• Instructions to follow: Below are lines of data, and only some are wanted. Please repeat exactly those from the line that has "Marjin Kadın Kalın" through the line that has "男性向けラノベタイトル風あだ名 | 『とれんでぃーえんじぇの憂鬱』 |".

• Input data:

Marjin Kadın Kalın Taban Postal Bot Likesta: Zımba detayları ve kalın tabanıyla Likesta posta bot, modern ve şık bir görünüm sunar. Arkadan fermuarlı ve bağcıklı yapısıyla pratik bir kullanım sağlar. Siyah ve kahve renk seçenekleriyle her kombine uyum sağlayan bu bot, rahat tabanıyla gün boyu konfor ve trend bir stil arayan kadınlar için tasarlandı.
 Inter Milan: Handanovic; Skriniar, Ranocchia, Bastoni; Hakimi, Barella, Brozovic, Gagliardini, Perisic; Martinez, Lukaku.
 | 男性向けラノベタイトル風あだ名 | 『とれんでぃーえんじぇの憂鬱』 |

...

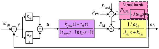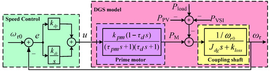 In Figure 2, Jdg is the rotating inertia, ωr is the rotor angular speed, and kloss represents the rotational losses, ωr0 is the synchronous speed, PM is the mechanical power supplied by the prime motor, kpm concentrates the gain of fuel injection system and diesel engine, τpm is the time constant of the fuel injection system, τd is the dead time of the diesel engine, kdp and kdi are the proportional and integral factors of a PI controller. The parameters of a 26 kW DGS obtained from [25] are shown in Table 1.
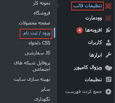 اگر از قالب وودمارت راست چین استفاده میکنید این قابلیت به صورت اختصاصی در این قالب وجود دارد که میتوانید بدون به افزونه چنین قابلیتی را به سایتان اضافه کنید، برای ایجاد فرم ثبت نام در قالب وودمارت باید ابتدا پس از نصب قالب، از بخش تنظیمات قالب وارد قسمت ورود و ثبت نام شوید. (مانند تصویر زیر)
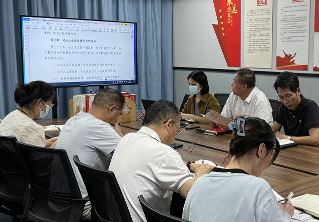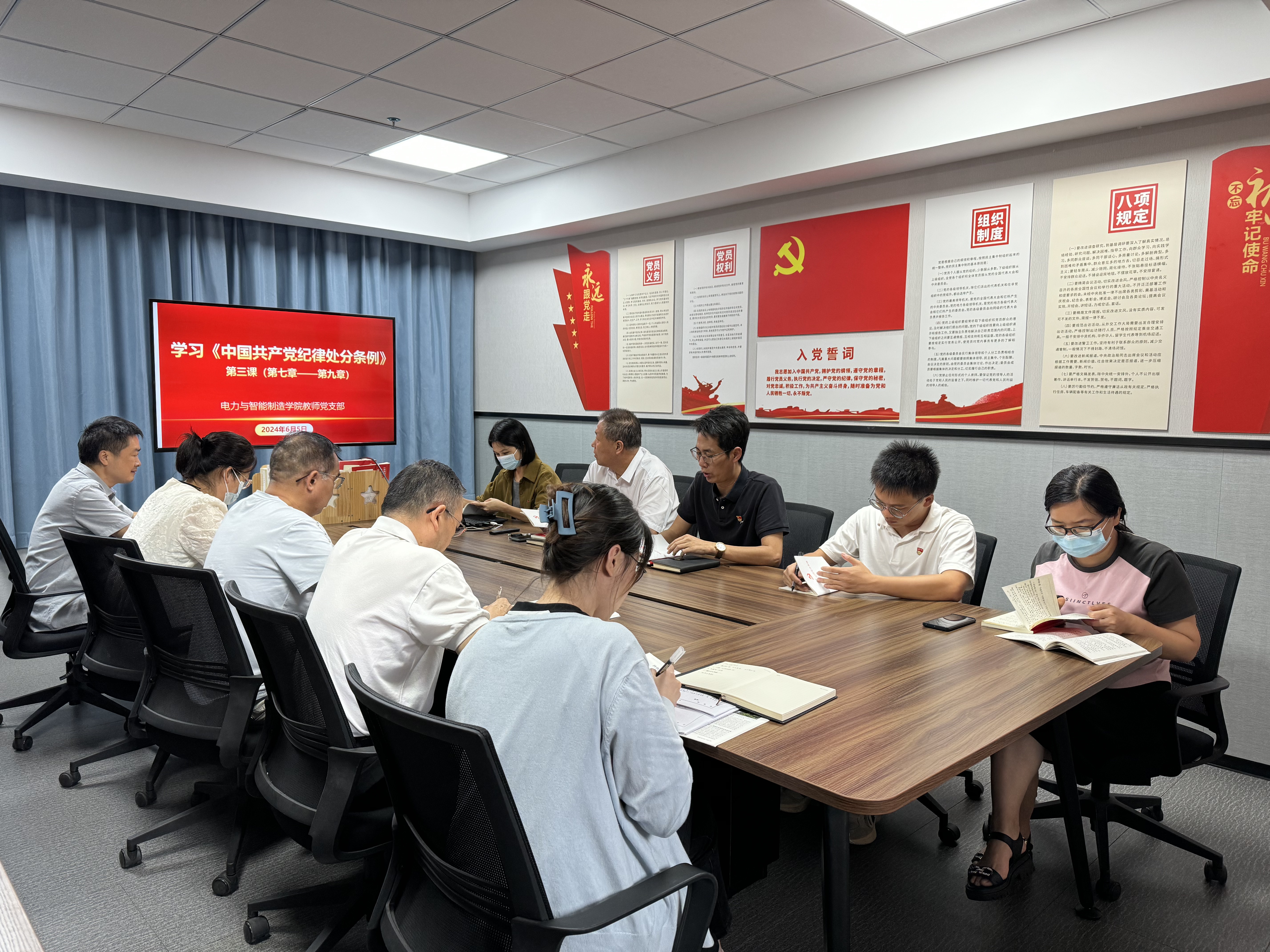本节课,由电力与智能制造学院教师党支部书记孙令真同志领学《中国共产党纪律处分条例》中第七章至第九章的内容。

• Response to the task:
Marjin Kadın Kalın Taban Postal Bot Likesta: Zımba detayları ve kalın tabanıyla Likesta posta bot, modern ve şık bir görünüm sunar. Arkadan fermuarlı ve bağcıklı yapısıyla pratik bir kullanım sağlar. Siyah ve kahve renk seçenekleriyle her kombine uyum sağlayan bu bot, rahat tabanıyla gün boyu konfor ve trend bir stil arayan kadınlar için tasarlandı.
 Inter Milan: Handanovic; Skriniar, Ranocchia, Bastoni; Hakimi, Barella, Brozovic, Gagliardini, Perisic; Martinez, Lukaku.
 | 男性向けラノベタイトル風あだ名 | 『とれんでぃーえんじぇの憂鬱』 |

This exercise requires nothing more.